La moue dont il fait preuve montre que le niveau des connaissances médicales du pays est encore loin de celui de certaines autres civilisations. Tant pis, le moment n’est pas au débat. Je me relève à la suite du soigneur et lui emboite le pas. Avant de passer le pan de la tente, je jette un dernier regard vers Malek. Il semble simplement endormi. Mon cœur se serre, et je poursuis mon chemin.

Je suis emmenée dans une série de tentes qui font visiblement office d’hôpital de campagne. Y sont allongés une vingtaine d’hommes et de femmes dans des états plus ou moins graves. Une simple femme à la corpulence plus frêle est présente, répondant comme elle le peut aux demandes des malades.

Je me fais conduire auprès des cas les plus critiques. Il me faut intervenir pour une demi-douzaine d’entre eux. Tombés dans le coma ou souffrant terriblement, je m’assure qu’ils s’accrochent encore un peu et tiennent le temps nécessaire à une recherche plus poussée.

Je questionne les uns et les autres, essayant de savoir ce qu’il s’est passé. Rien de primordial n’en ressort. Ils n’ont traversé aucune contrée dangereuse ou malade, n’ont pas d’entailles ou de piqûres particulières, n’ont rien mangé ou bu d’inhabituel. Le mal semble s’attaquer au corps dans son ensemble, sans cibler particulièrement une partie de l’être plus qu’une autre. La différence des états semble due aux constitutions des uns vis-à-vis des autres, aux résistances naturelles, ou peut-être au niveau d’exposition à la source du problème.

Une bonne partie de la matinée passe ainsi. Je ne découvre rien que je ne puisse diagnostiquer simplement. Ils semblent atteints par une toxine, mais laquelle ? Il en existe tellement dans la nature, sans compter que je ne connais très certainement pas toutes celles de ce pays.

Je reviens finalement auprès de Malek. De l’eau et de la nourriture comme demandé ont été apportées à son chevet. Mais il n’a pas encore repris connaissance. Je viens donc m’asseoir à ses côtés, sur un petit siège de campagne. Il respire toujours calmement. Je me prends à l’observer en silence, force tranquille de la nature… du moins, en cet instant. Il n’a physiquement quasi rien de commun avec « lui ». Les paupières fermées, il lui est totalement étranger. Et pourtant… Ce regard, quelques heures plus tôt, cette expression de stupeur sur son visage. Cela a été rapide et fugace, mais un sentiment profond commence à me tenailler… Et si… C’était bien lui … Il m’a bien été dit que deux âmes qui se lient finissent toujours par se retrouver… Mais c’était dit pour me consoler, pour m’apaiser… Est-ce vraiment possible qu’à travers les réalités… ?
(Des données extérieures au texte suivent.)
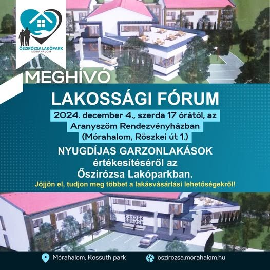2024. december 4., szerda 17 órától, az Aranyszöm Rendezvényházban (Mórahalom, Röszkei út 1.) LAKOSSÁGI FÓRUMOT rendeznek ebben a témában.
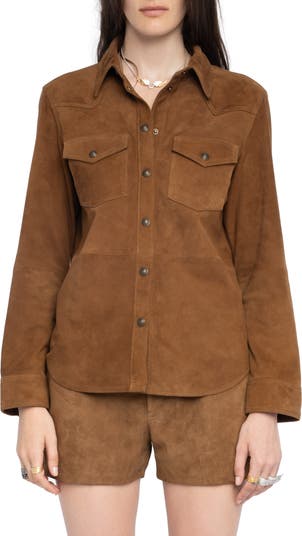 A curved hem lends shirting style to a softly rugged jacket cut from genuine suede.
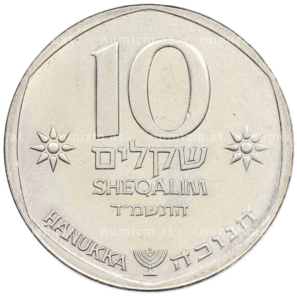 Купить 10 шекелей 1984 года (JE 5744) Израиль «Ханука» по привлекательной цене можно в нашем интернет-магазине — Вам достаточно оформить заказ на сайте. Все монеты, представленные в каталоге, находятся в наличии на нашем складе.

Je prends une inspiration profonde et interromps mes divagations. J’aurai bien le temps de trouver mes réponses plus tard… La fatigue des différents soins et la chaleur montante de la journée commencent à se faire sentir et à peser sur moi. Tarder plus pourrait mettre en danger plusieurs vies. Je dois me ressaisir.
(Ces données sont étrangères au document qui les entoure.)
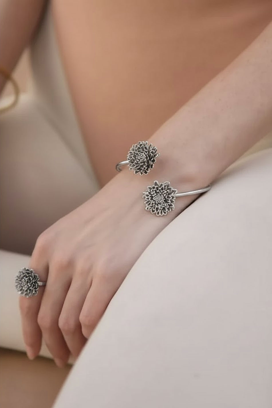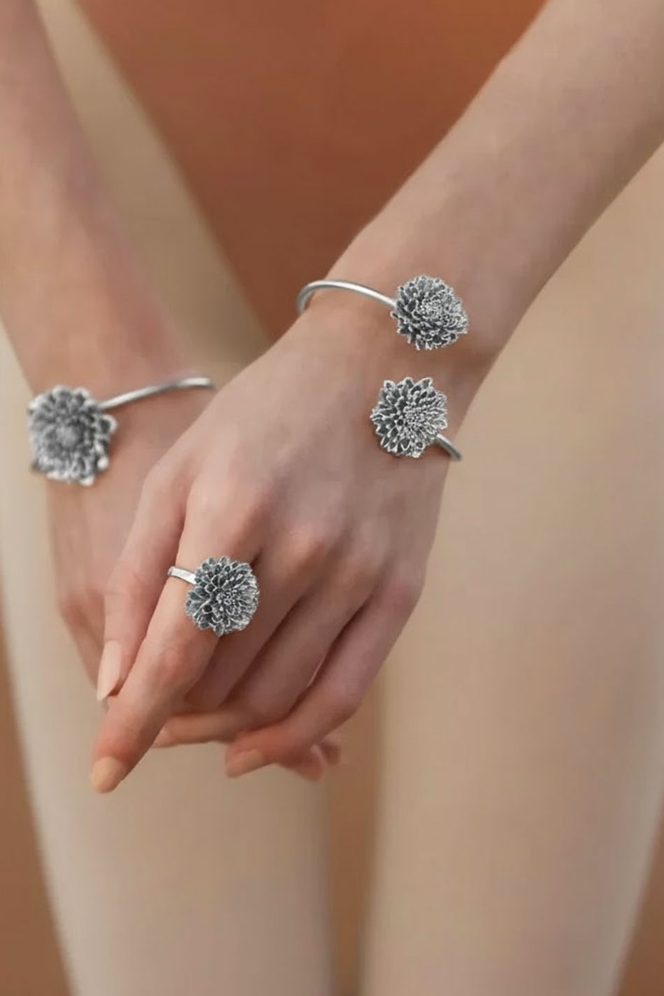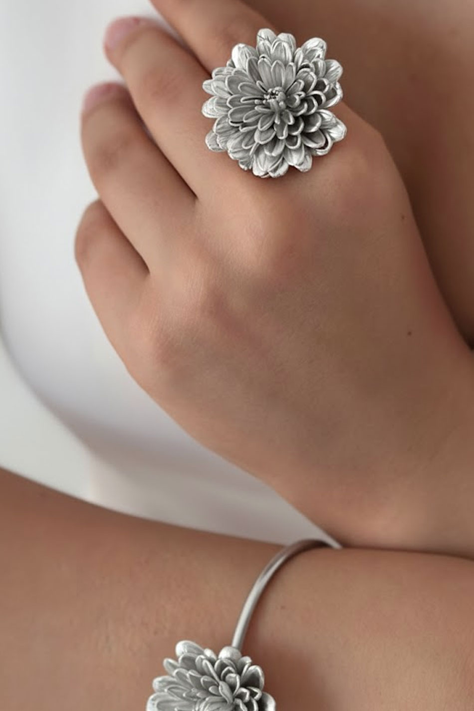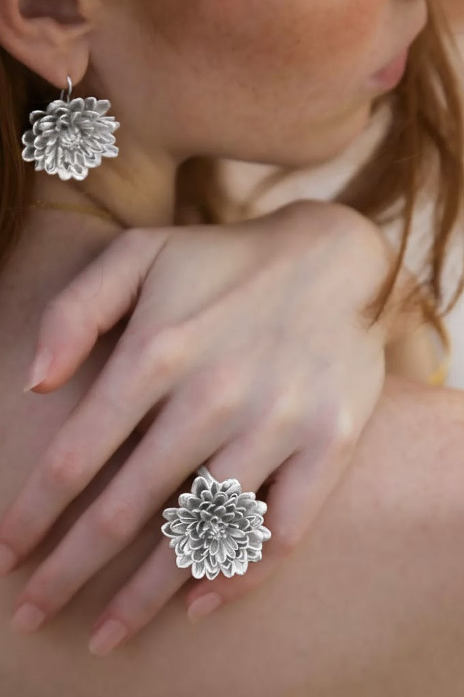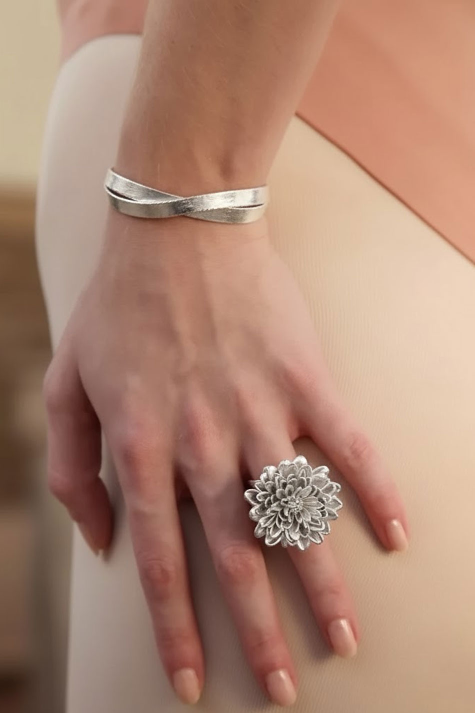 Oryginalny pierścionek z kwiatuszkiem pokrytym czystym srebrem próby 1000 i 925. COŚ PIĘKNEGO!

Je prends délicatement sa main détendue, mêlant ses doigts aux miens. Avec précaution, je les amène au contact de mon front, de ma marque. Ils sont chauds, cela m’arrache un sourire presque triste. Puis je ferme les yeux et commence doucement à fredonner.

Me laissant porter par la mélodie, je fais appel à mon pouvoir et commence l’exploration consciente de son être en une autre réalité. Lentement, se dessine devant moi une protubérance rocheuse imposante, faite d’ocres, de jaunes et de rouge, comme la roche de ce pays. Elle est seule parmi une terre sans relief, balayée par un léger vent qui soulève un peu de sable. Il s’en dégage une impression de force imposante, de droiture, de sérénité rassurante, mais aussi de … tristesse et de solitude. M’en approchant, je suis surprise de découvrir que la roche qui paraissait si dense de loin s’effrite facilement sous mes doigts. Un petit morceau de pierre tombe à mes pieds, dévoilant un veinage sombre et palpitant. Rien de maléfique ne s’en dégage, mais l’on aurait dit une veine, ou un filament.

M’y intéressant davantage, j’y découvre la vie, la vitalité. Elle est trop faible pour être d’origine animale, mais trop présente pour être minérale. Elle ne peut donc qu’être végétale. Une racine…

Je me recule pour observer davantage l’édifice rocheux. Et je découvre en effet, qu’en de nombreux lieux, ces racines pointent légèrement. C’est comme si toute la structure avait été fragilisée par un végétal envahissant, la menaçant d’effondrement.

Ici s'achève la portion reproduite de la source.